Research & Statistics for FRCEM Final: The Complete Guide
SLO 10 and 11 account for about 10 questions on FRCEM Final — and they're some of the most commonly failed. Most candidates skip stats revision because it feels dry and intimidating. But these are genuinely free marks if you learn the basics. This guide can't cover everything you'll need, but it covers the fundamentals and the most common exam themes.
Evidence hierarchy (strongest to weakest):
- Level 1a — Systematic review of RCTs
- Level 1b — Individual RCT (with narrow CI)
- Level 2a — Systematic review of cohort studies
- Level 2b — Individual cohort study / low-quality RCT
- Level 3a — Systematic review of case-control studies
- Level 3b — Individual case-control study
- Level 4 — Case series / case report
- Level 5 — Expert opinion
RCT: Gold standard for testing treatments. Randomises participants to intervention vs control. Minimises bias through randomisation and blinding.
Cohort study: Follows groups over time. Can be prospective or retrospective. Good for prognosis and identifying risk factors. Cannot prove causation but can show strong associations.
Case-control study: Starts with the outcome and looks back for exposure. Good for rare diseases because you don't need to follow thousands of people. Quicker and cheaper than cohort studies.
Cross-sectional study: A snapshot at one point in time. Good for prevalence. Cannot show causation or temporal relationships.
The 2x2 table:
| Disease + | Disease − | |
| Test + | True Positive (TP) | False Positive (FP) |
| Test − | False Negative (FN) | True Negative (TN) |
Sensitivity = TP / (TP + FN) — how good the test is at detecting disease. A highly sensitive test rules OUT disease when negative (SnNOut).
Specificity = TN / (TN + FP) — how good the test is at confirming health. A highly specific test rules IN disease when positive (SpPIn).
PPV = TP / (TP + FP) — affected by prevalence. Higher prevalence leads to higher PPV.
NPV = TN / (TN + FN) — affected by prevalence. Lower prevalence leads to higher NPV.
ARR (Absolute Risk Reduction) = control event rate − treatment event rate.
NNT (Number Needed to Treat) = 1 / ARR. Always uses absolute risk reduction, never relative.
ARI (Absolute Risk Increase) = treatment adverse event rate − control adverse event rate.
NNH (Number Needed to Harm) = 1 / ARI. If NNH < NNT, the drug harms more than it helps.
ROC (Receiver Operating Characteristic) curve: Plots sensitivity (y-axis) vs 1−specificity (x-axis) at different diagnostic thresholds. The gold curve bowing toward the top-left corner indicates a good test. The diagonal dashed line represents chance (useless test).

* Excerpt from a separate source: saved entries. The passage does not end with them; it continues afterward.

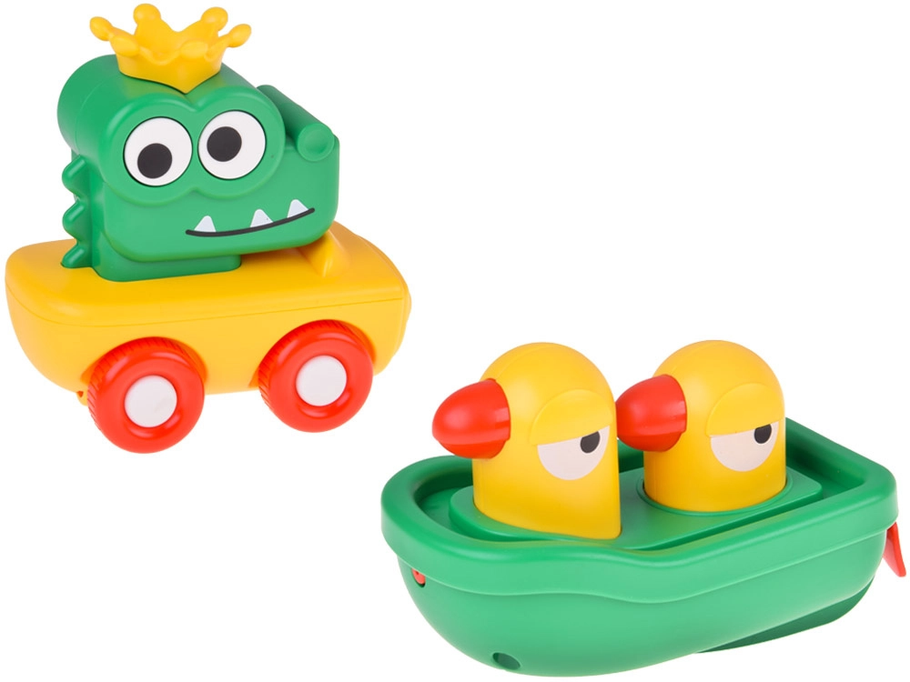 U kompletu su krokodil u autiću, brodić s dva pačića i posudica za lijevanje. Plutajući elementi potiču maštu i produžuju razigrano vrijeme u kadi.
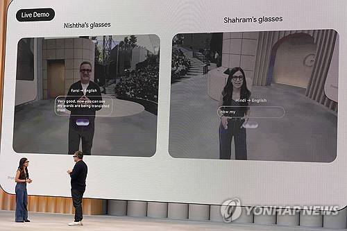 Nishtha Bhatia, Product Manager at Google, Glasses & AI, bottom left, and Shahram Izadi, Android XR Platform & Products, speak at a Google I/O event in Mountain View, Calif., Tuesday, May 20, 2025. (AP Photo/Jeff Chiu)
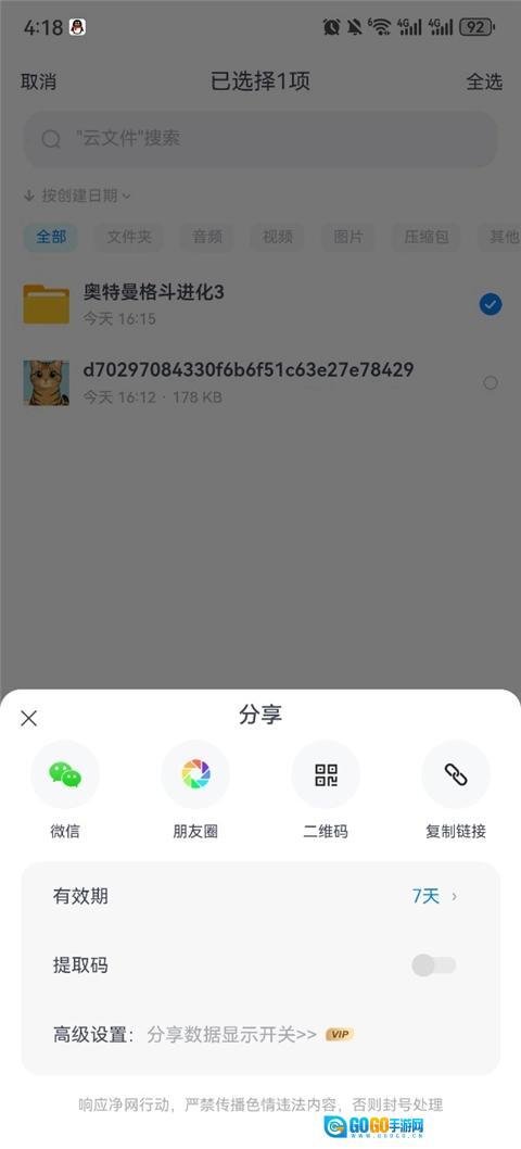 2、添加你需要分享的图片或文件夹等内容
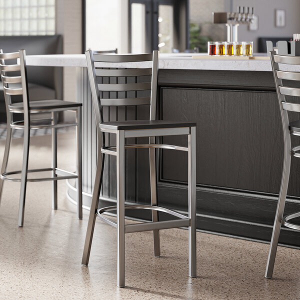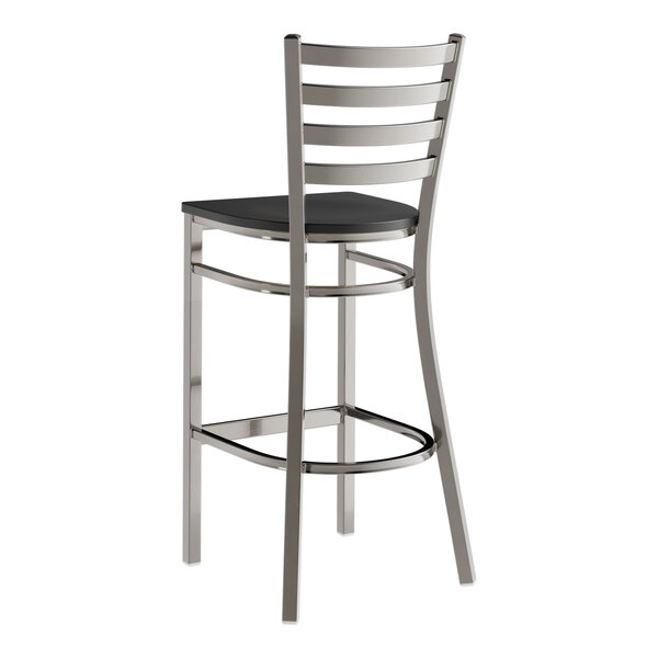 This bar stool's sturdy wood seat with a sleek black finish combines with its contemporary ladder back steel frame to instill a modern look in any location. Plus, since this bar stool's back is contoured for a customer's back, it will provide comfort while maintaining a distinct appearance.
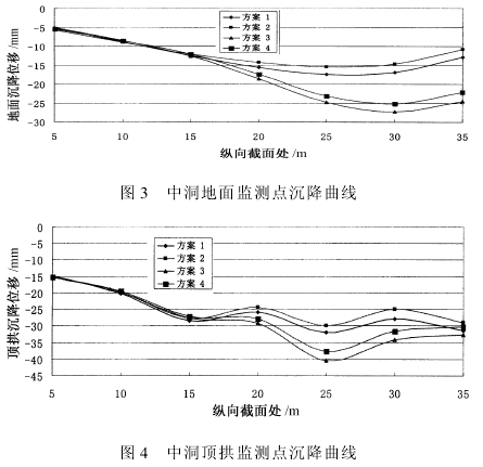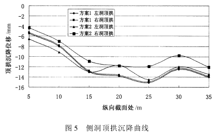 从图3可以得出沿着隧道方向中洞地面沉降逐渐增大后又有减小的趋势,隧道两端地面沉降小,而在中间附近地面沉降大。这是由于隧道端部土体围岩压力比较小,受前后开挖的扰动也比较小,而隧道中部围岩压力比较大,受前后开挖土体的扰动也比较大的缘故。隧道前段开挖,开挖面应力释放,开挖面前部土体向开挖面倾斜,从而使得中洞地面沉降最大点一般在两端中间偏后一些,方案1和方案2大约在截面25m处,方案3和方案4大约在截面30m处。分析图4可以得出沿着隧道方向中洞顶拱沉降先逐渐增大后减小, 再增大最后又减小,沉降变化有一种波动的趋势,但总体趋势还是两端沉降比较小,中间沉降比较大,这和其地面沉降趋势相一致,只是在数值上顶拱的沉降比地面的沉降要大一些。这种变化趋势也和实际工程情况相吻合。分析图3和图4,后两种方案的中洞地面和中洞顶拱沉降量都要大于前两种方案,中洞地面最大沉降量后两种方案分别是前两种方案的1.6倍左右。顶拱最大沉降量是前两种方案的1.24倍左右。分析四种方案,最根本的区别在于前两种方案是侧洞开挖、二次衬砌建筑完后再开挖中洞,后两种方案是把整个工程沿着隧道方向分为前20m开挖、浇筑二次衬砌和后20m开挖、浇筑二次衬砌两段进行施工,从图3和图4可以看出在前段15m施工时,四种方案地面和顶拱沉降相差不大,而之后的沉降差距就逐渐拉大,体现在施工开挖上即为前两种方案侧洞开挖到20m处后继续开挖侧洞,而后两种方案侧洞开挖到20m,建筑衬砌,开挖中洞。前者由于先只开挖侧洞,而中洞土体形成岩柱承受上部荷载,同时也隔开两侧洞,使得在开挖过程中开挖跨度不大,使围岩有效地形成横向应力拱,有效地抑制了地面沉降,而后者侧洞开挖到20m处开始开挖中洞,开挖过程跨度较大,虽然侧洞和中洞间建有隔柱承受上部荷载,但隔柱作用面积小,不足于形成中洞岩柱所形成的横向应力拱,而又在开挖后半段20m时,由于前半段20m中洞土体已开挖掉,不能形成岩柱,结构凌空跨度很大,后半段的开挖对整个隧道结构和围岩的扰动影响就越大,所以地面沉降和顶拱沉降就越大。由此可以判断出方案1和方案2要优于方案3和方案4。对于方案1和方案2,前者由于两侧洞同时开挖,开挖面积大,对围岩及中洞土体扰动也越大,故地面及顶拱沉降略大于后者。又因为该方案属于对称开挖,所以两侧洞顶拱沉降也大致相同。而方案2为非对称开挖,左右侧洞顶拱沉降不相等,最大相差达22%,大约在截面25m处,见图5。
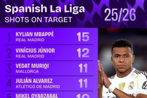 下一篇: 西甲参与进球次数排行:姆巴佩居首 维尼修斯第二、小蜘蛛第四

AUC (Area Under the Curve) measures overall test accuracy:
- 0.5 = useless (follows the diagonal — no better than chance)
- 0.7–0.8 = acceptable
- 0.8–0.9 = excellent
- >0.9 = outstanding
- 1.0 = perfect test
The top-left corner represents a perfect test. The diagonal line represents a test no better than chance. If the exam shows two ROC curves, the one with the larger AUC is the better test.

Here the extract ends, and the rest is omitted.